Накануне с офицерами штаба и командирами полков я еще раз выезжал на участок предстоящего прорыва, уточнил задачи подразделений, затем несколько часов мы просидели над составлением плана наступления. Время, направление и порядок движения частей и подразделений, систему и график огня, названия высот, населенных пунктов, рубежей – все это я не только держал в памяти, но и представлял на местности и на карте. Доложил быстро, без запинки, не заглядывая в бумажки. У командующего фронтом перед наступлением дел куда больше, чем у командира дивизии, поэтому отнимать у него время было бы непростительно.

Когда я закончил доклад, один из генералов штаба спросил:

– Почему танки, приданные дивизии, вы используете на участке одного полка?

– При такой стремительности и глубине прорыва танки я должен использовать массированно. К тому же приданная дивизии бригада имеет боевых машин в три раза меньше, чем положено по штату. Рассредоточить их по другим полкам – значит ослабить направление главного удара…

– Все это крайне сомнительно, – заметил генерал. – Ведь наступаете вы не полком, а дивизией.

Но тут вмешался Малиновский:

– А ведь командир дивизии прав. В бригаде не шестьдесят пять танков, а двадцать. Чтобы в первые же часы наступления прошибить оборону, эшелонированную на восемь километров по всему фронту дивизии, такой поддержки явно недостаточно. Так уж лучше наверняка прорвать оборону врага на узком участке, выйти ему в тыл и тем самым дезорганизовать его. – Помолчав, командующий фронтом спросил: – Из каких соображений вы исходили, полковник, построив боевой порядок дивизии в два эшелона?

– Товарищ генерал армии, – отчеканил я, – оборона противника достаточно глубока, что требует при прорыве непрестанно наращивать силу удара. Полоса наступления дивизии – три километра, участок главного удара – два километра. В своем составе дивизия насчитывает девять тысяч человек, и еще шестьсот человек ей придано. Таким образом, при условии поражения артиллерией и авиацией всей тактической глубины обороны противника, мы сможем сразу занять ее целиком, и чем скорее, тем лучше.

– Что ж, резонно, – сказал Малиновский. – У меня вопросов больше нет. – Он взглянул на генералов штаба – у тех вопросов также не было.

Вслед за мною докладывали Джахуа и Фоменко. Выслушав всех, Малиновский задал еще несколько вопросов. Командующий фронтом производил впечатление скромного, обаятельного человека. Он не приказывал, а убеждал. Просто и логично доказывал ошибочность одних решений и правильность других. Как я заметил, Малиновский более всего опасался, что у собеседника останутся какие-либо сомнения, недоуменные вопросы, которые он постесняется высказать. Поэтому мягко, но настойчиво Родион Яковлевич просил нас высказываться до конца, чтобы никаких неясностей не оставалось.
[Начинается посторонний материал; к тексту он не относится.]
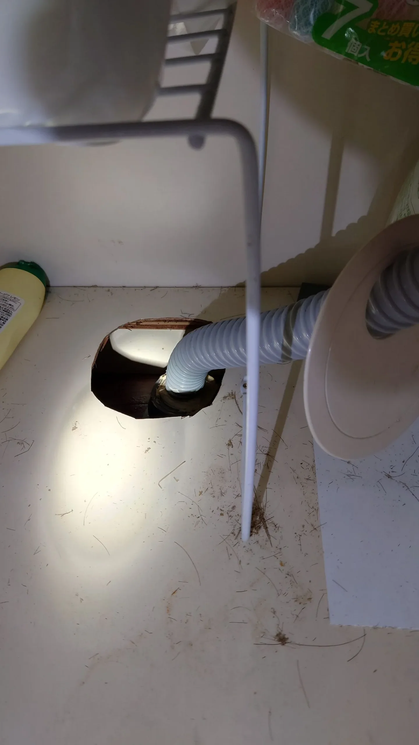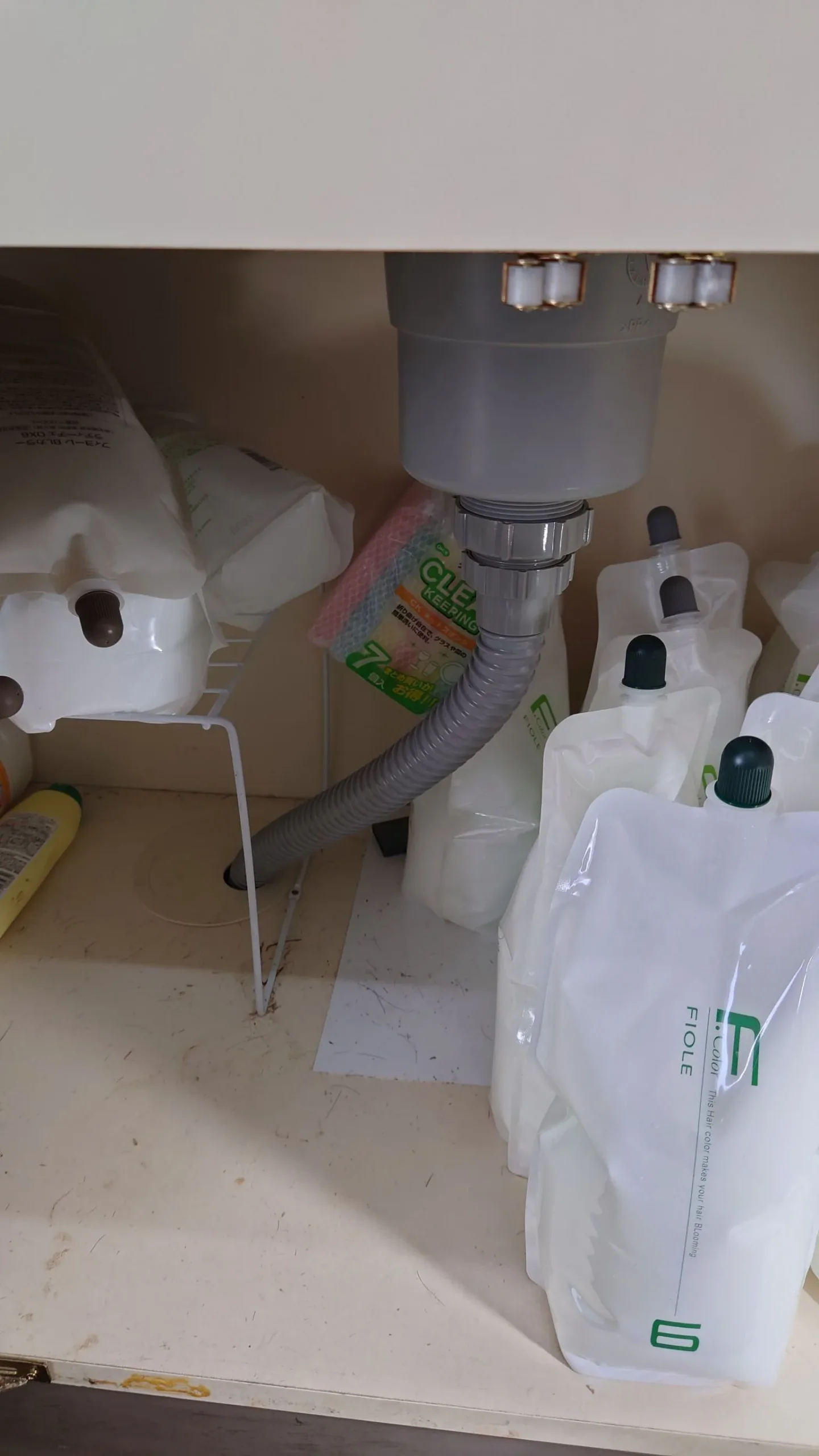 シンク下の水漏れは、排水蛇腹ホースの劣化と内部の詰まりが重なって発生していました。

В заключение Малиновский сообщил, что в предстоящей операции планируется применение большого числа танковых частей и соединений, в частности в полосе наступления 52-й армии в прорыв будет введена 6-я танковая армия генерал-лейтенанта танковых войск А. Г. Кравченко.

– Вы, Константин Александрович, – с улыбкой обращаясь к Коротееву, сказал Малиновский, – обеспечите генералу Кравченко ввод его армии в прорыв, он, выйдя на оперативный простор, обеспечит вам стремительные темпы наступления. Устраивает вас такое взаимодействие?

– Безусловно, Родион Яковлевич, – ответил Коротеев.

– У меня все. – Малиновский поднялся. – Желаю удачи, товарищи! В добрый час!

Когда я прибыл в дивизию, штаб уже свертывался. Нашу полосу обороны мы сдавали соседнему соединению. 62-я гвардейская перебрасывалась на девяносто километров западнее, где ей предстояло сосредоточиться на исходном рубеже наступления.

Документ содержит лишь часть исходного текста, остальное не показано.